The cost function of this environment is designed in such a way that it tries to minimize the error between the HalfCheetah’s forward velocity and a reference value. The cost function is defined as:

\[ cost = w_{forward\_velocity} \times (x_{velocity} - x_{reference\_x\_velocity})^2 + w_{ctrl} \times c_{ctrl} \]

Where:

\(w_{forward\_velocity}\) - is the weight of the forward velocity error.
\(x_{velocity}\) - is the HalfCheetah’s forward velocity.
\(x_{reference\_x\_velocity}\) is the reference forward velocity.
\(w_{ctrl}\) is the weight of the control cost (optional).
\(c_{ctrl}\) is the control cost (optional).

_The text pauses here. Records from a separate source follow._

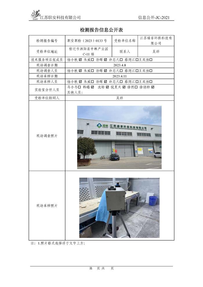 檢測報告公示
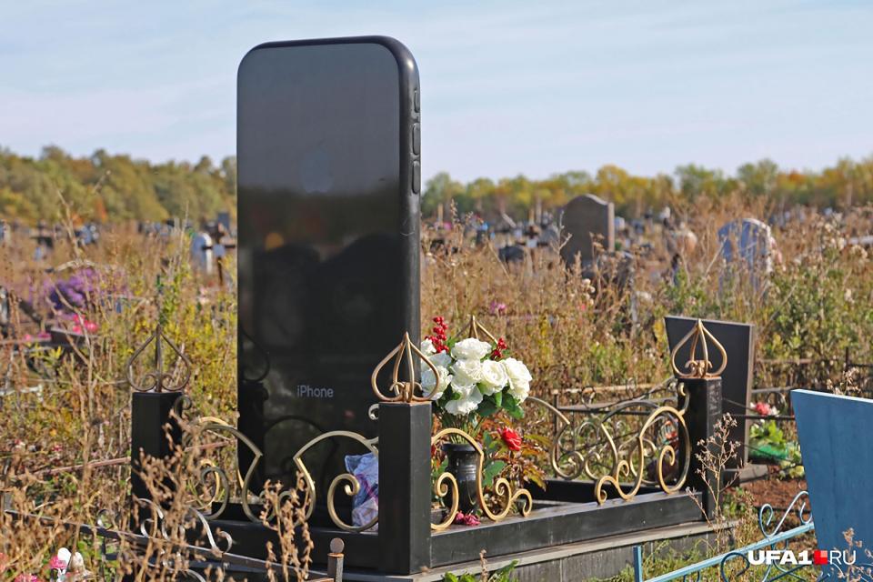 Náhrobek se nachází v ruském městě Ufa a má připomínat pětadvacetiletou Rusku, která zemřela zhruba před dvěma roky z neznámých příčin. Rita, jak se dívka jmenovala, byla velkou fanynkou Applu a iPhonů, kvůli čemuž se její otec dva roky po její smrti rozhodl, že její hrob nechá zkrášlit netradičním náhrobkem. Ten je vyrobený s černých čedičů a má tvar 4,7” iPhonu 7, od kterého se však liší zapuštěnou čočkou fotoaparátu do těla. Přední stranu pomníku, na které je velký displej, zdobí vyobrazení dívky s jejím jménem, datem narození a datem úmrtí. Na zádech náhrobku pak naleznete klasické logo nakousnutého jablka a fotoaparáty, boky zdobí klasická tlačítka.
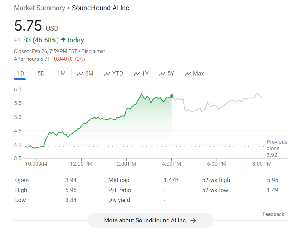 今天日内,AI炒作资金似乎从SMCI离去,转而涌向了ARM和英伟达投资的SOUN。从谷歌逃逸出去的资金对这些股票的暴涨可能也有贡献。

The control cost is optional and can be disabled using the include_ctrl_cost environment arguments.

Environment step return

In addition to the observations, the cost and a termination and truncation boolean, the environment also returns an info dictionary:

[observation, cost, termination, truncation, info_dict]

Compared to the original HalfCheetah-v4 environment, the following keys were added to this info dictionary:

reference: The reference velocity.
state_of_interest: The state that should track the reference (SOI).
reference_error: The error between SOI and the reference.

How to use

This environment is part of the Stable Gym package. It is therefore registered as the stable_gym:HalfCheetahCost-v1 gymnasium environment when you import the Stable Gym package. If you want to use the environment in stand-alone mode, you can register it yourself.